Panzanella is a perfect dish for the hot weather we’ve been having, as it is refreshing, makes good use of the summer’s bounty, and the basic version doesn’t require any cooking. Originally it is an Italian peasant lunch prepared to use up old bread: the bread is mixed with tomatoes, cucumber, onion, olive oil, and vinegar, and by the time it is ready for lunch the bread will have soaked up the juices and has become soft and flavorful. Some recipes let you soak the bread in water, but soaking the bread in the juices will make the panzanella much more flavorful.

This version is based on a panzanella that Auldo prepared for me once, when we used it as a base for a lobster tail we had left after preparing lobster bisque. The additional trick he uses is that the bread and cherry tomatoes are roasted in the oven to give the cherry tomatoes extra flavor and to give the bread a nicer texture. For a more traditional and simpler version, simply skip the oven and just mix all the ingredients together and wait for a couple of hours. It will still be nice.

The two golden rules of Italian cooking also apply here: (1) use only the best ingredients (especially the tomatoes are important)  and (2) there are as many versions of this classic recipe as there are Italians. Some people leave out the cucumber, or add olives or even anchovies. This is up to you, but if you want to keep calling it panzanella please stay within the bounds of what an Italian would use (e.g. no jalapeños or soy sauce, please). I am not providing exact amounts, as this is a dish where you eyeball the quantities. I’d recommend to have about twice as much tomatoes, cucumber and onion as bread.

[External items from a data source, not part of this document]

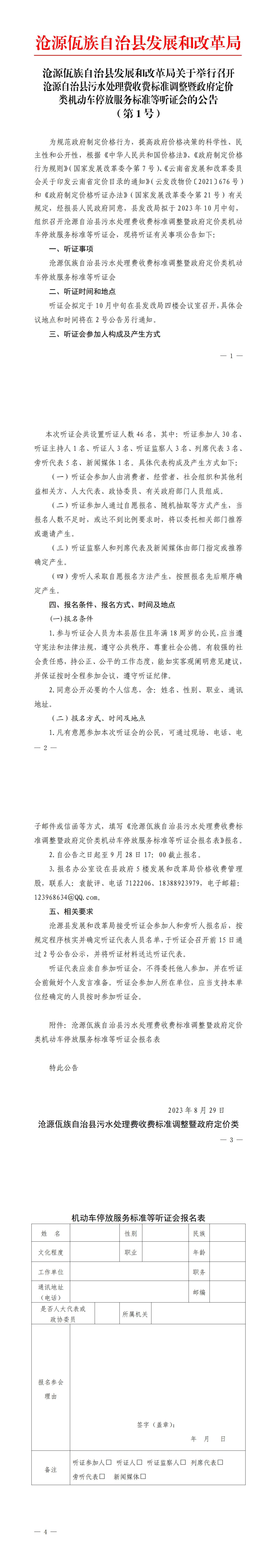 沧源佤族自治县发展和改革局关于召开沧源自治县污水处理费收费标准调整暨政府定价类机动车停放服务标准等听证会的公告(第1号) (2)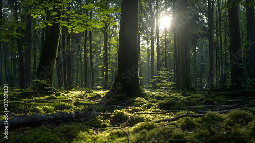 © Dreamnitive, Fototapeta premium Sunlit Forest Serenity - Tranquil Green Woodland Scene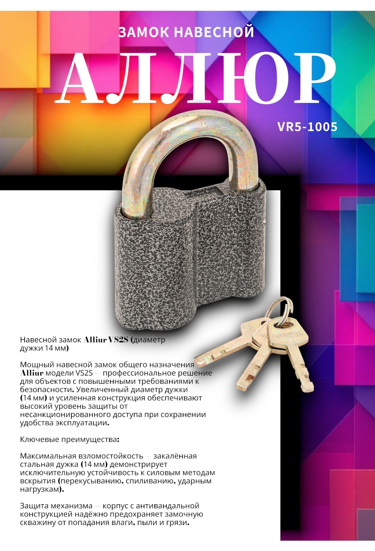 Мощный навесной замок общего назначения Alliur модели VS2S — профессиональное решение для объектов с повышенными требованиями к безопасности. Увеличенный диаметр дужки (14 мм) и усиленная конструкция обеспечивают высокий уровень защиты от несанкционированного доступа при сохранении удобства эксплуатации.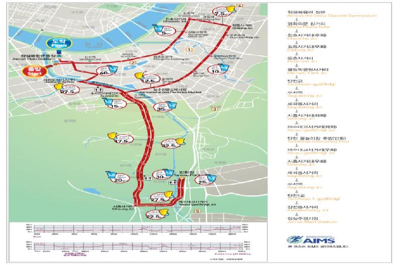 | 마라톤 풀 코스(42.195㎞) : 잠실종합운동장 ↔ 성남탄천물놀이장 인근 |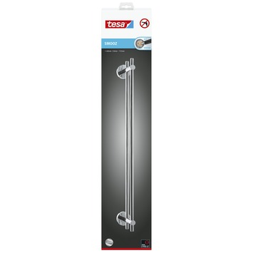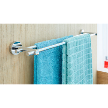 Le porte-serviettes double tesa® Smooz en chrome brillant est inoxydable et a un design chic et intemporel. Ce porte-serviettes est adapté pour suspendre 2 serviettes. Il peut être monté sans perçage grâce à la technologie unique tesa® Power.Kit. Le montage est très simple : 1) Collez les adaptateurs sur le mur et remplissez-les avec l'adhésif tesa® Power.Kit 2) Laissez l'adhésif durcir pendant 12 heures 3) Vissez le porte-serviettes sur les deux adaptateurs. Tous les matériaux nécessaires sont inclus dans l'emballage : porte-serviettes et adaptateur. Le support peut être retiré sans résidus de colle ni dommages. La réutilisation est possible avec le jeu d'adaptateurs BK20-2, qui peut également être acheté séparément. Convient pour les carreaux, le métal, la pierre naturelle, le marbre, le béton, le bois, le verre et de nombreux types de plastique. Ne convient pas aux papiers peints, stucs et autres surfaces avec un revêtement antiadhésif. La série Smooz se compose de divers accessoires pour un look complet, voir également le reste de la gamme.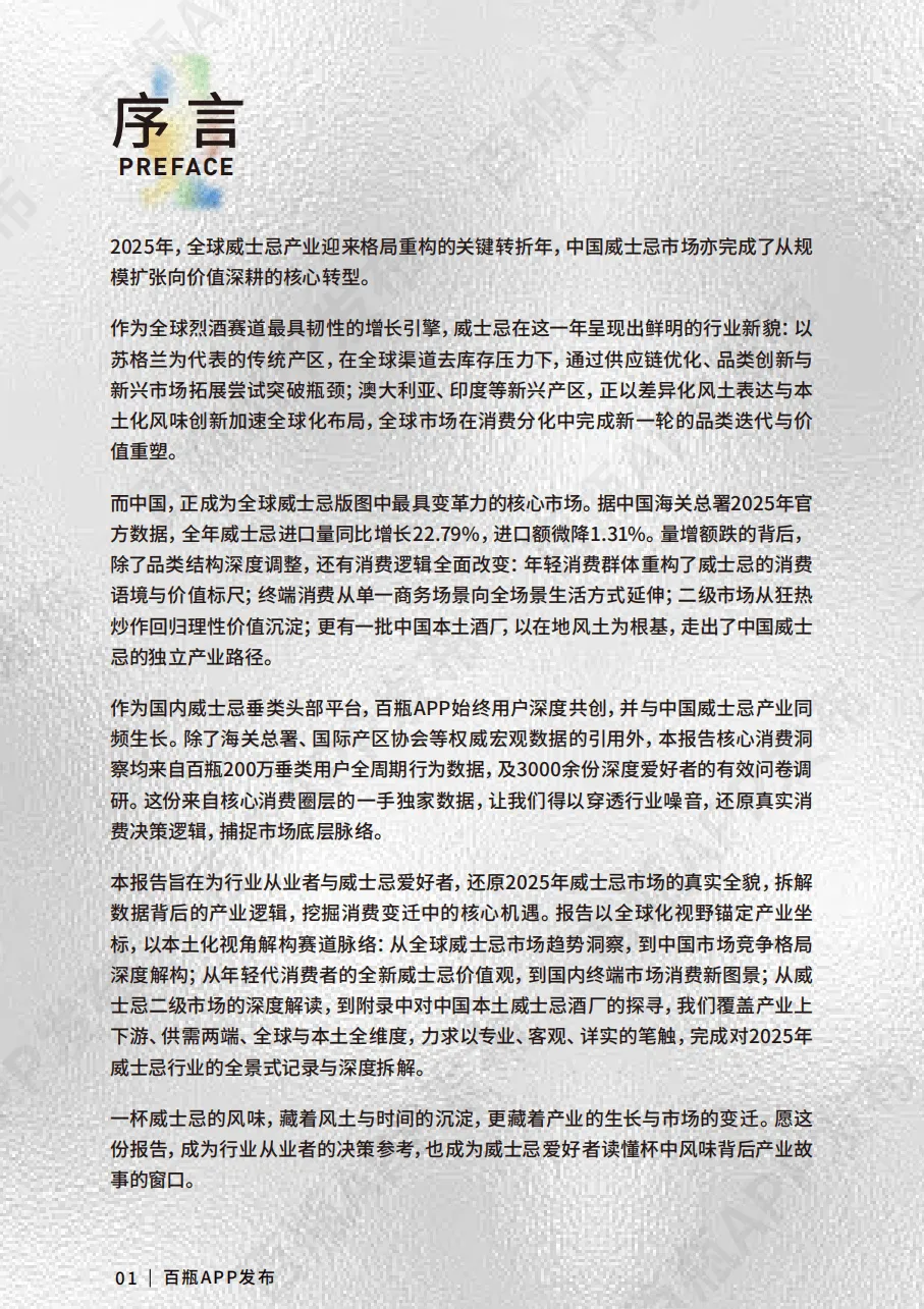 2025年是全球威士忌产业格局重构的关键年,中国市场则完成从规模扩张到价值深耕的转型,成为全球版图中极具变革力的核心市场。这份基于百瓶APP用户数据与权威机构信息的行业报告,展现了威士忌行业全球与本土的多维发展特征。

ripe flavorful tomatoes, preferably heirloom, it looks nice if they have different colors



stale bread

extra virgin olive oil

white wine vinegar

salt and freshly ground black pepper

fresh basil


Slice the onion into rings.

Soak the onions in water to which you have added a bit of vinegar for 2 hours to soften their flavor (optional).

Remove the crust of the bread (optional).

Cut the bread into 2-3 cm (1 inch) dice.

Roast the bread and halved cherry tomatoes in the oven at 150ºC/300ºF (fan forced) until the bread has crisped up and the tomatoes are starting to color (they should not become too soft!), about 15 minutes. (This step is optional, as mentioned in the introduction.)

Slice the tomatoes and cucumber.

Put the tomatoes and cucumber in a bowl. Add white wine vinegar.

Tear the basil leaves into big pieces and add them as well. Season with salt and freshly ground black pepper. Toss to mix. The salt will draw out some of the juices and concentrate the flavor.

(If making the quick version without using the oven, just add the bread at this time to as well as the onions, toss everything, and refrigerate for a couple of hours.)

After half an hour or so, transfer the tomato and cucumber slices to another bowl with a slotted spoon.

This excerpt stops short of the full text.